2. Who would want to miss the great joy of having a rest day from the workaday world within Satan’s society?
a. This world (cosmos = orderly arrangement of society) we are to abhor (I John 2:15-17) and “come out of” (Revelation 18:4).
b. The Sabbath is to be a day of great joy and delight (Isiah 58:13-14), typifying the nature of the Kingdom during which time joy and all of God’s nature will be prevalent (Galatians 5:22-23).
c. Our present world brings sorrow within a system designed to capture our affections, attempting to make us slaves to sin.
d. The Sabbath rest was made for mankind’s edification (Mark 2:27).
3. The Sabbath (rest) has always been the seventh day, from Creation to the present.
a. Elohim rested (7673 = shabath, to repose or desist from exertion) on the seventh day, and blessed and sanctified it (Genesis 2:1-3).
b. The seventh day Sabbath was confirmed to Israel at Mt. Sinai (Exodus 20:8-11), in commemoration of the creation Sabbath.

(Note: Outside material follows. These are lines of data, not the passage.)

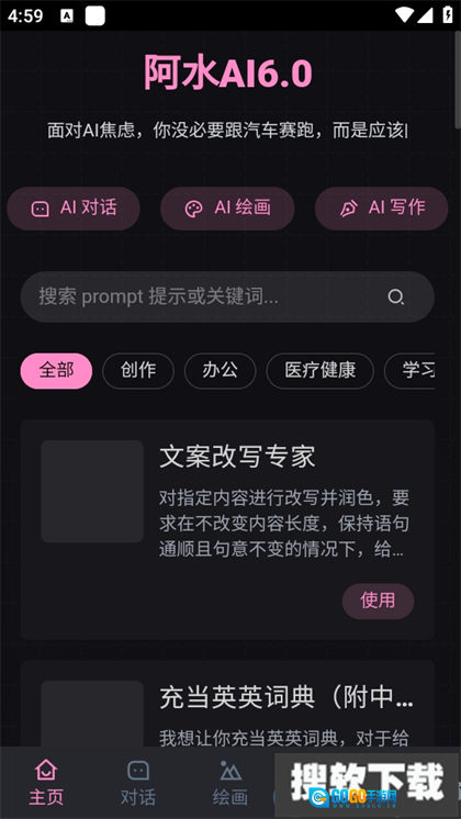 阿水AI6.0软件免费版作为一款全方位的AI工具平台,支持用户自动绘画与编辑功能,只需一键操作即可生成艺术作品或编辑图像;借助自然语言理解和深度学习技术,用户能够轻松获取专业级的绘画效果,同时该平台还可与用户展开对话互动。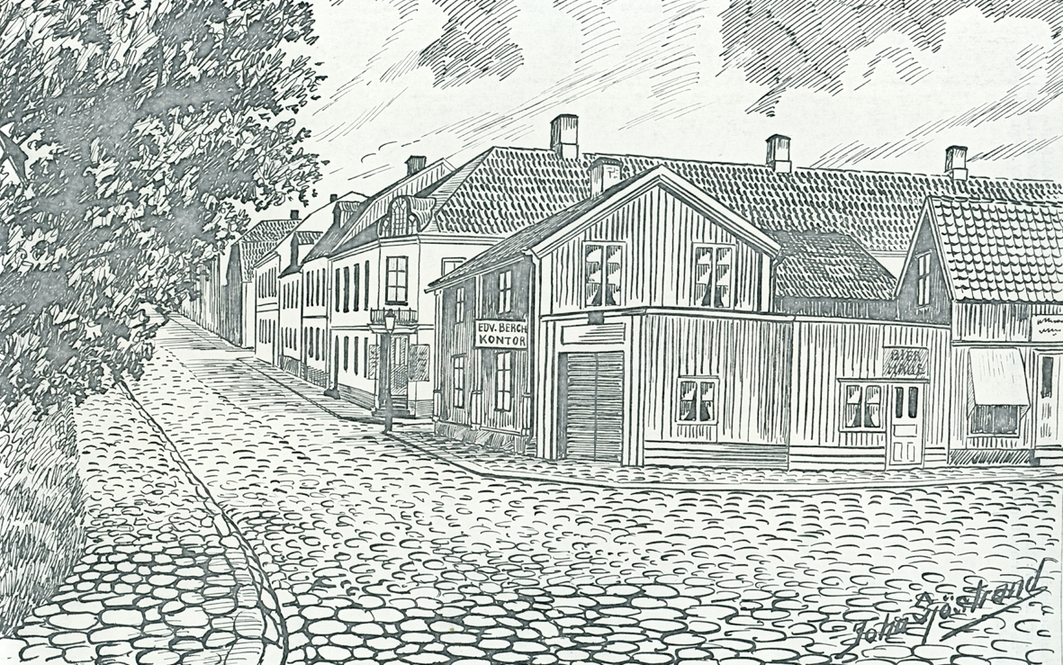 Tuschteckning av John Sjöstrand. Hörnet av Larmgatan och Västra Sjögatan 1880-tal.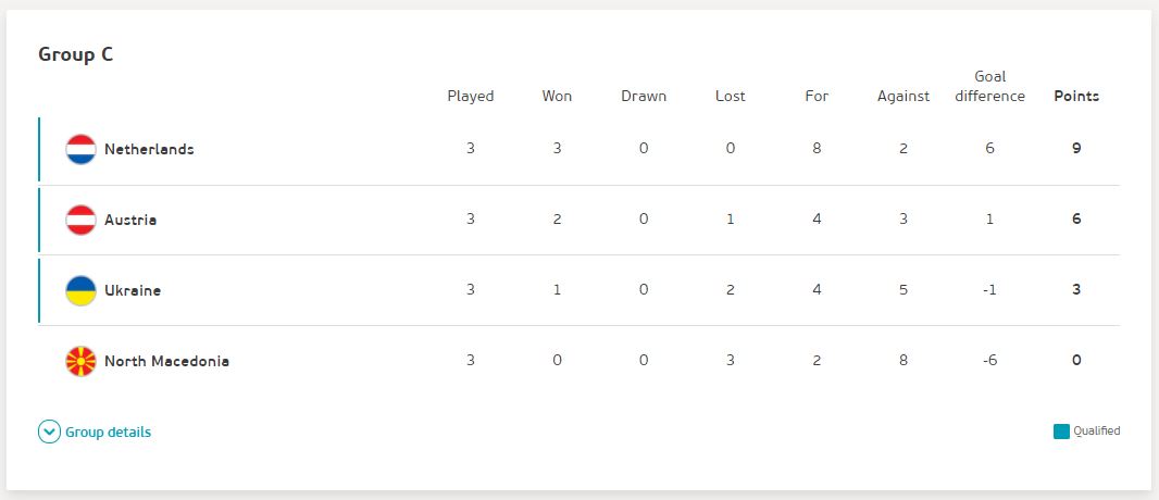C 그룹 : 네덜란드, 오스트리아, 우크라이나

c. Christ kept the Sabbath day as it should be kept.
5. Christ’s crucifixion and resurrection did indeed abolish the need for us to perform the sacrificial laws that typified His own sacrifice (Hebrews 10:1-5), but not the performance of the laws of God now within our hearts. Those laws of love to God and to neighbor are summarized by the ten commandments (Matthew 22:36-40).
a. We keep His laws and ways of living as a consequence of the gift of salvation, to please God.
b. All of the “laws of God” cannot be placed in one basket.
c. The sacrificial laws added in Leviticus (sin offering, peace offering, trespass offering, etc.) were given because of Israel’s sins, after the laws were given at Mt. Sinai (Jeremiah 7:21-24).